Hat sich Eure Einschätzung des Arbeitskonflikts seit dem letzten Jahr geändert? Geht ihr mit anderen Erwartungen heran?

Für uns war klar. dass die Aktionen nicht die große Veränderung unserer Arbeitsbedingungen zur Folge haben werden. Das war bei der FAU nicht so klar. Da waren die Gesichter ziemlich lang, dass da nicht sofort Bambule auf der Tagesordnung stand. Die Branche der Pflegeberufe hat sich noch nie durch hohe Kampfbereitschaft ausgezeichnet. Wir sind nach wie vor der Überzeugung, dass man jahrelang dran bleiben muss.

Wie entwickelt sich die unabhängige Vernetzung von Betriebsgruppen im Gesundheitswesen, an der ihr beteiligt seid?

Es handelt sich ja augenblicklich um eine virtuelle Vernetzung, mittels Internet. Auf www.ungesundleben.org/betriebsgruppen tragen sich mehr Gruppen ein. Aktuell sind es zwölf. Zuletzt die Betriebsgruppe Wahrendorff. Ein Treffen oder dergleichen hat noch nicht stattgefunden.

Habt ihr eine mögliche Antwort auf die Frage, die auch uns umtreibt: Wie kann genügend Druck aufgebaut werden, um an den Amper Kliniken konkrete Verbesserungen für die ausgepressten Pflegekräfte zu erreichen?

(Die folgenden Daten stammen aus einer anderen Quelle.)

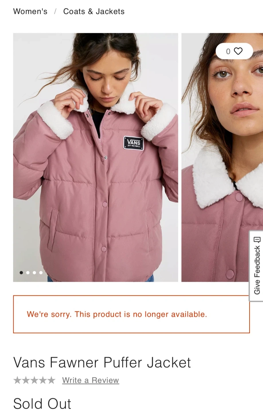 Selling Vans Fawner Puffer Jacket/Sherpa Collar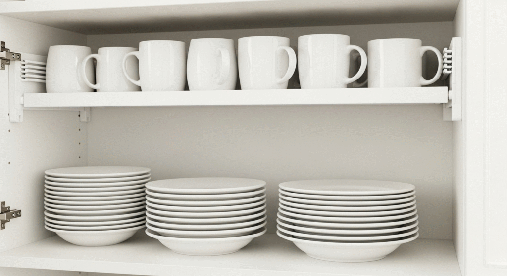 How it works: You extend the shelf until it’s firmly wedged between the two sides of your cabinet. It’s the perfect way to double your storage for plates, cans, or cleaning supplies.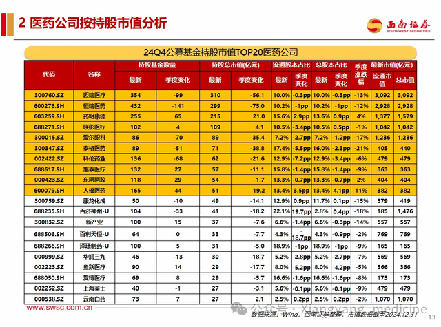 在2024Q4公募持仓市值Top20医药企业中竟然出现了爱博医疗,请注意,所长这里用的是“竟然”这个词,为啥呢?因为排在爱博前面的企业市值都比爱博大得多,都是市场耳熟能详的“大白马”,他们的市值本来就大,公募持仓总金额大也是理所应当,而爱博凭借100多亿的市值还能让机构持仓金额靠前,那是真的不容易。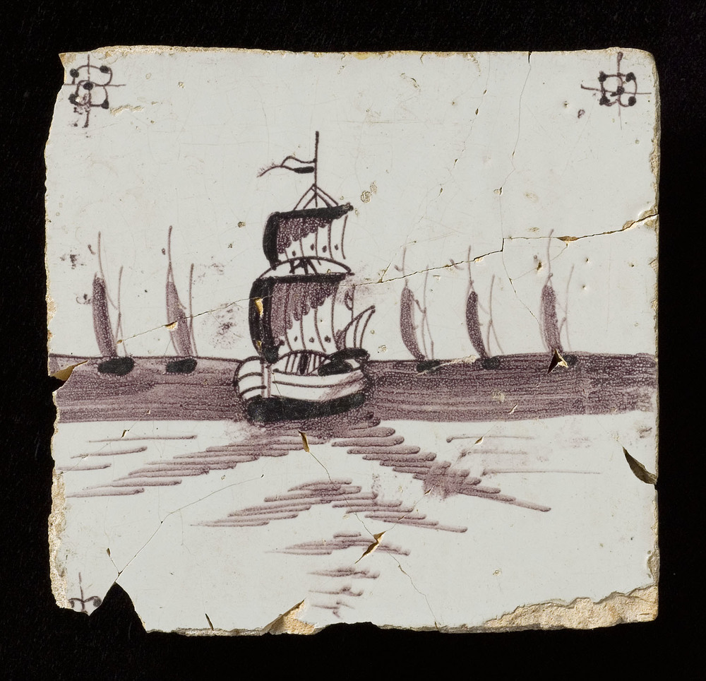 Tegel van keramiek, tinglazuur, voorstellende een sc...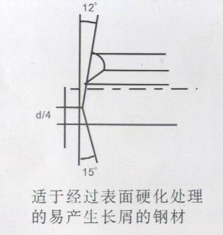 減小槍鉆內(nèi)、外刃角度,即槍鉆內(nèi)外刃磨的更平一些,對(duì)加工斷屑有很大的 幫助。另外,切削線速度的提高,對(duì)斷屑效果也很明顯。加工不易斷屑材料 時(shí),槍鉆端刃可以參考如下角度: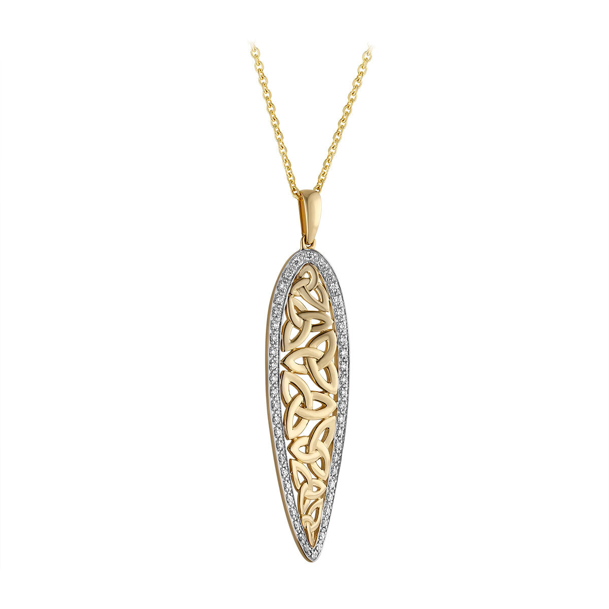 This elegant 14k gold Twist Trinity Knot necklace features the Trinity Knot, one of the most recognisable symbols of Celtic culture. The numerous Trinity Knot symbols are arranged in a twisted shape and inlayed with diamond and a white gold frame.S46789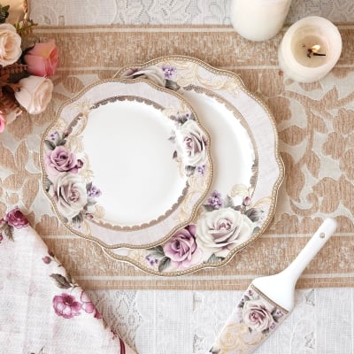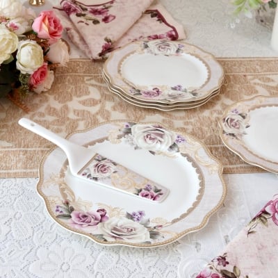 Gold Roses 8 Pcs Snack Set (1 Serving Plate, 6 Quarter Plates, 1 Server)

Allein an der Fragestellung spiegelt sich schon ein grundsätzliches (FacharbeiterInnen-) Problem wider. Die Pflege ist bei weitem nicht die einzige Berufsgruppe, die unter beschissenen Arbeitsbedingungen leidet! Das Service Personal bekommt beispielsweise nicht mal vollständige Lohnfortzahlung im Krankheitsfall, keine Wochenend- und Feiertagszuschläge, sollen sich im Frei in Rufbereitschaft halten. Die Reinigungskräfte bekommen gerade mal einen Hungerlohn. Über die 25 langjährigen KollegInnen aus der Reinigung von der KDI Service GmbH, denen letztes Jahr im Oktober gekündigt wurde, kräht kein Hahn mehr. Diese KollegInnen, die ohne konkrete Ausbildung arbeiten, sind nicht interessant genug? Klar läuft es bei uns schlecht. Aber die haben fast niemanden. Drückt Euch nicht davor, mal darüber nachzudenken.

Welche bisherigen Lehren und Schlussfolgerungen zieht Ihr aus dem Konflikt?

Dass wir die Selbstorganisation weiter betreiben müssen. Dass wir nicht die Initiative an politische Organisationen oder Gewerkschaften abgeben werden. Dass wir uns gerne solidarisch unterstützen lassen. Dass ArbeiterInnen keine Avantgarde benötigen. Dass unsere KollegInnen, fernab der hochpolitischen linken Szenerie, mehr Power besitzen, als von dieser angenommen. Dass sie keiner revolutionären Theorie bedürfen, um sich zu radikalisieren. Dass die Befreiung der Arbeiterinnen nur das Werk der ArbeiterInnen selbst sein kann!